Wajahku disamakin sama anjing. Dia waras? Perasaan aku ini ganteng pake banget.
"Tapi ya, Redha sayang Iqbaal," katanya menimpali.
"Kok bisa?" tanyaku.
"Ya bisa, Iqbaal aja nggak pernah ketemu Redha langsung nembak, ajaib kan?" katanya penuh semangat.
Bukan ajaib Re, aku kalah taruhan makanya nembak kamu yang kebetulan lewat.
"Iqbaal setia kan?" tanyanya serius.
"Menurutmu?" tanyaku balik.
"Setialah, soalnya kalau nggak, aku udah belajar 1001 cara ngebunuh pacar yang selingkuh!" jawabnya lalu ketawa ala mbak kunti lagi.
Sumpah, sepertinya aku salah pilih pacar.
"Tapi ya Baal, Redha setia lho!" katanya promo diri sendiri.
"Iya, percaya!" sahutku.
"Hehe, Iqbaal dabes," pujinya.
Aku mengernyitkan kening.
"Dabes?" tanyaku bingung. "Bahasa mana tuh, Re?"
"The best, Baal! Dibaca lurus-lurusan jadi dabes," jelasnya.
"Emang ada Re?" tanyaku heran.
"Ada, dong! Kan anak IPS gitu, keren!" pujinya pada diri sendiri.
"Iya dah," kataku sekenanya.
"Baal."
"Hm?"
"Iqbaal sayang Redha?" tanyanya.
"Kenapa emang?" tanyaku balik.
"Pengen tahu," jawabnya.
"Buat apa?" tanyaku lagi.
"Buat siap-siap daftarin Iqbaal santet online kalau Iqbaal jawab nggak," katanya lalu terkekeh.
Sumpah, dia nyeremin.
"Jadi?" tanya Redha lagi.
"Iya, Iqbaal juga," jawabku
"Juga apa?"
"Maunya apa?"
"Sayang Redha juga."
"Yaudah."
"Yaudah apa?"
"Gitu pokoknya."
"Dih," dengusnya kesal.
"Kenapa?" tanyaku.
"Nggak apa-apa," jawabnya dengan nada ketus.

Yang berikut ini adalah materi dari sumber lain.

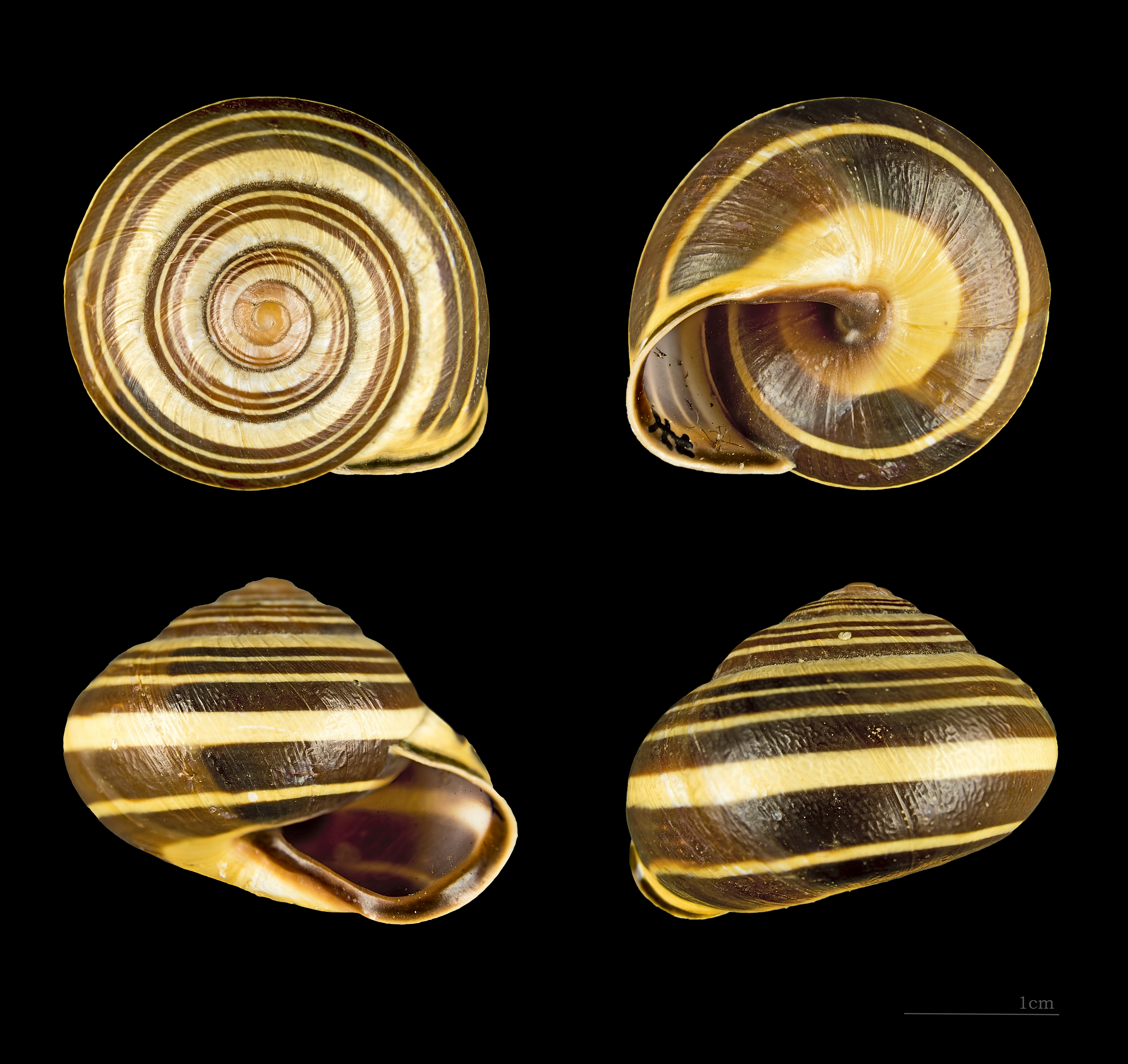 Shells of grove snail.

"Yaudah," sahutku sekenanya.
"Percaya, Baal?" sindirnya.
"Apanya?"
"Kalau aku nggak apa-apa? Iqbaal nggak pernah belajar ya, kalau cewek ngomong nggak apa-apa, itu artinya kenapa-kenapa!" omel Redha.
"Gitu ya?"
"Iya."
"Maaf, deh. Iqbaal juga sayang Redha, kok."
"Nais," katanya lalu ketawa.
"Nais?" tanyaku heran.
"Nice," jawab Redha.
"Bahasa Inggris lurus-lurusan juga?" tanyaku.
"Huum, Iqbaal pinter!" pujinya.
"Hehe," kataku senyum karena dipuji walau sebenarnya nggak faedah juga.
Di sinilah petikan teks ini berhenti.